Between gratitude and despair

Pastoral Messages | April 30, 2015

Spring has sprung here in the Quad Cities. Buds and flowers burst from trees that were bare just days ago. The once brown grass is lush and green. Tulips and daffodils and lilacs bring the kind of color that help us forget our gray February. It’s the kind of beauty that draws a thank you from even the least appreciative of souls. Multiple times a day this week, I’ve prayed this poem by e.e. cummings:

I thank You God for most this amazing
day: for the leaping greenly spirits of trees
and a blue true dream of sky; and for everything
which is natural which is infinite which is yes

(i who have died am alive again today,
and this is the sun’s birthday; this is the birth
day of life and of love and wings: and of the gay
great happening illimitably earth)

how should tasting touching hearing seeing
breathing any–lifted from the no
of all nothing–human merely being
doubt unimaginable You?

(now the ears of my ears awake and
now the eyes of my eyes are opened)

And even with this prayer running through my head, it’s impossible to ignore that in other corners of this planet there is not such life and possibility. From Baltimore to Nepal to Syria violence and destruction seem to rule the day. Seismic shifts, born from both tectonic plates and from human injustice and violence shake our world.
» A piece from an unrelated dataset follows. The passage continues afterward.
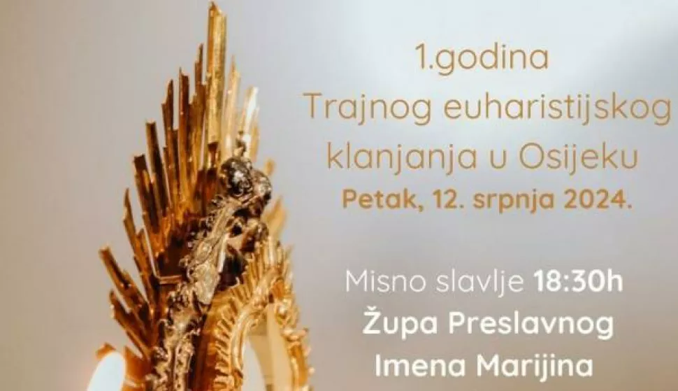 Prva godina trajnog euharistijskog klanjanja u Osijeku obilježit će se u petak, 12. srpnja, misnim slavljem u donjogradskoj župnoj crkvi Preslavnoga Imena Marijina u 18.30, koje će predvoditi đakovačko-osječki nadbiskup Đuro Hranić. Nakon mise bit će kratko klanjanje. Pozvani su na sudjelovanje svi trajni klanjatelji i zainteresirani vjernici, a oni koji se žele priključiti trajnom klanjanju u kapeli Gospe Snježne u Osijeku mogu se javiti na broj telefona 098 975 0221. A.M.

It’s the kind of week when we are caught between gratitude and despair. We are reminded that our world is full of both great hope and great sorrow. We feel both lamentation and joy. It can be easy to get caught in one response to this world and forget about the other. And yet we somehow need both. Simply despairing, after all, would lead not only to great sorrow but also apathy. But knowing only our own delight would ignore the suffering of our brothers and sisters.

So perhaps we can take some clues from those last two lines of e. e. cumming’s poem. “(now the ears of my ears awake and now the eyes of my eyes are opened).” This may be just the way to live in our world full of great beauty and terrible injustice – to keep our ears awake and our eyes opened.

We can listen, really listen, to the hurting and brokenness of the world even as we keep our eyes open for glimpses of beauty and love. This may be our only chance to not only live a life full of gratitude and hope, but also to move toward the kind of transformative action that our world so desperately needs.